/SIMD-video-decoding

The goal of this practical work is to use SIMD (Single Instruction, Multiple Data) x86_64 operations.

Primary LanguageC

Single Instruction Multiple Data (SIMD) instructions overview - MJPEG video decoding

The goal of this practical work is to use SIMD (Single Instruction, Multiple Data) x86_64 operations, and more particularly Intel's SSE extensions in order to decode a video in motion jpeg (MJPEG) format, and to work on registers of 128 bits.

Prerequisites

The execution requires an Intel x86_64 processor and the SDL1.2 library (or SDL12-compat). SSE instructions' documentation is available on Intel's website : Intel Intrinsics Guide

Compiling and running

Everything we need is in the folder tp2_src_etd.

The video to be decoded is : tp2_src_etd/ice_age_256x144_444.mjpeg. The three implementations of float conversion are as follows:

  • conv-float.c : "classic" float conversion, without any particular optimization
  • conv-unrolled4-float-a-trou.c : conversion of 4 by 4 floats compared to the classic implementation
  • conv-sse-a-trou.c : converting 4 by 4 floats using 128-bit registers and SSE instructions

To compile one of these conversion methods, just use:

make <mjpeg-float | mjpeg-conv-unrolled4-float-a-trou | mjpeg-conv-sse-a-trou>

The created executable takes 1, 2 or 3 arguments.
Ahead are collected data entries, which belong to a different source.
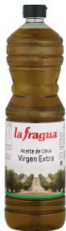
Código: 1811 Aceite de Oliva Virgen Extra Pet 1 L EAN13: 8436006911811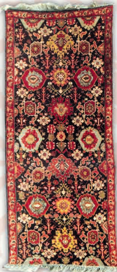
Ворсовый ковер "Годжа" конец XVI-нач. XVII в.

Одним из традиционно развитых видов ремесла являлось ковроткачество, принесшее Азербайджану мировую славу. Она делится на ряд региональных производственных центров. К таким ярким центрам, изделия которого отличаются своим разнообразием, красотой рисунка, яркостью узоров, композиционной целостностью и прочими художественными достоинствами, относится край чарующей природы, один из райских уголков нашей страны - Карабах.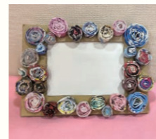
▲ダンボールフォトフレーム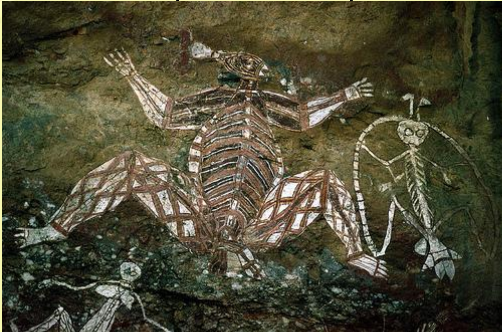
Рисунки на коре Эвкалипта

The first one is the name of the video (ice_age_256x144_444.mjpeg), the second is an integer giving the number of frames to decode (-1 if all), and the third, which is not mandatory, makes it possible not to display the result: we can then measure the raw speed of the decoding.

Then, to see how long the decoding takes on the full movie, just run:

time ./mjpeg-float ice_age_256x144_444.mjpeg -1 azerty

Results

On the three implementations presented and on 10 executions for each, I obtained the following results:

We can see that the Float Unrolled and SSE implementations are slightly faster than the classic Float implementation, but that the use of SSE instructions, on the machine on which I carried out this work, does not necessarily offer better performance than 4 by 4 conversion.

This work was done as part of the Conception and Exploration of multi-core architectures course given in the last year of the Information Systems Engineering specialization at Grenoble INP - Ensimag, UGA.